Torniamo a Szabó, che dall’Ungheria non scappò, e per anni si accontentò di fare l’insegnante e ficcare i romanzi nel cassetto e finì per rimproverarselo: “Sono rimasta un’osservatrice coi sensi di colpa”, scrisse nella prefazione di “Abigail”. È di Szabó il romanzo che spiega e sviscera la ragione di questo sradicamento, mostrandone la profondità – che arriva molto più giù del regime comunista e del trauma che rappresentò per la vita intellettuale del paese. “Per Elisa”, il suo ultimo lavoro, un’autobiografia romanzata che pubblicò nel 2002, ottantacinquenne, è la storia della sua infanzia e, insieme, del suo paese, del farsi nuovo di quell’identità frammentata che, oggi, il sovranismo scorda o – chissà – vuole strambamente rimborsare.

 

Il romanzo comincia nel 1920, nell’Ungheria post Trianon, il trattato con cui i paesi vincitori della Prima guerra mondiale si spartirono l’impero austro-ungarico, mutilandolo.

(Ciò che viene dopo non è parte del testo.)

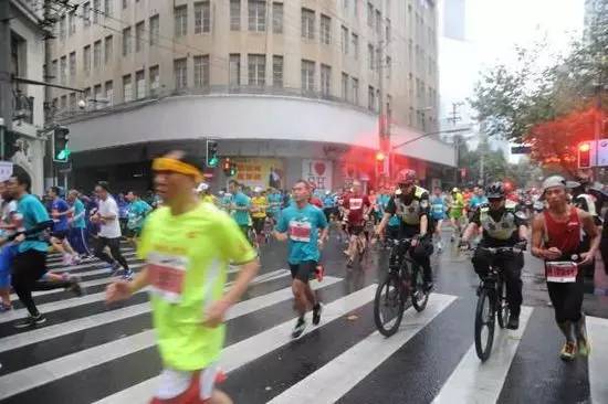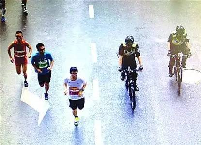 2014年上海国际马拉松比赛现场,出现了首支自行车武装骑警,护卫上马安全进行。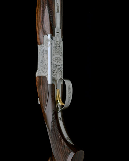 27 1/2in. nitro barrels with 13mm ventilated matt top-rib, 2 3/4in. chambers, bored approx. imp. cyl. choke in both, hold-open toplever, manual safety with integral barrel selector switch, gold-washed trigger, bold scroll engraving surrounding game scenes of pheasant and wildfowl, signed 'R. BEE', bright finish, 14 1/4in. figured pistolgrip stock including Browning buttplate, weight 7lb. 8oz., in a case
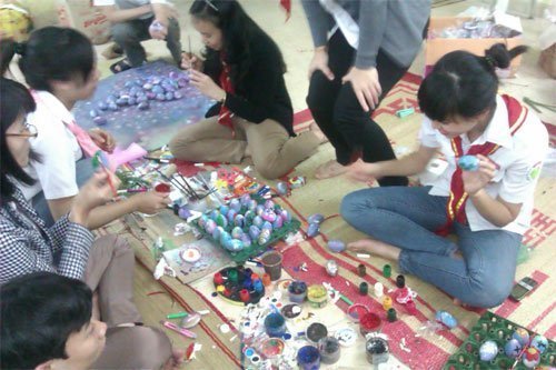 Miệt mài vẽ đến 11h đêm. Mỗi dịp lễ Phục sinh, các em vẽ hơn 500 quả trứng. |

Da 19 milioni, i cittadini ungheresi divennero 7. Le città si riempirono di profughi: ungheresi che, di colpo, tali non erano più. Molti di loro, in fughe affrettate e confuse, persero la vita o smarrirono le proprie famiglie. Così, le città si riempirono anche di orfani. “Da oggi lei è tua sorella” dicono il padre e la madre a Magdolna, la protagonista di “Per Elisa”, mettendole davanti Cecilia, una bambina terrorizzata e “primitiva”, e lei sbatte i piedi, viziata com’è, arrogante figlia unica che prima di andare a scuola già parla in latino con suo padre e insulta lo zio che le regala le bambole perché non sa cosa farsene.

 

Parecchio dopo, imparando ad amare quella bambina che incarna l’Ungheria fratturata per sempre, il paese che sa che dovrà sopportare per sempre di sentirsi estraneo ed espropriato in casa propria, Magdolna capirà che quell’adozione era stata “un atto di giustizia conciliatorio non del futuro, ma del passato”. “Per Elisa” è il romanzo di un paese intero che a un certo punto è costretto a dirsi: noi non potremo tornare noi, per questo ci scopriremo nel profugo, nell’orfano del Trianon che differisce da noi per colpa di una spartizione arbitraria. La consapevolezza di quella spartizione non è finita al governo, però è rimasta nei libri. L’anno scorso è stata una piccola casa editrice milanese-ungherese, Anfora edizioni, a ripubblicare “Per Elisa”. A proposito di Orbán a Milano.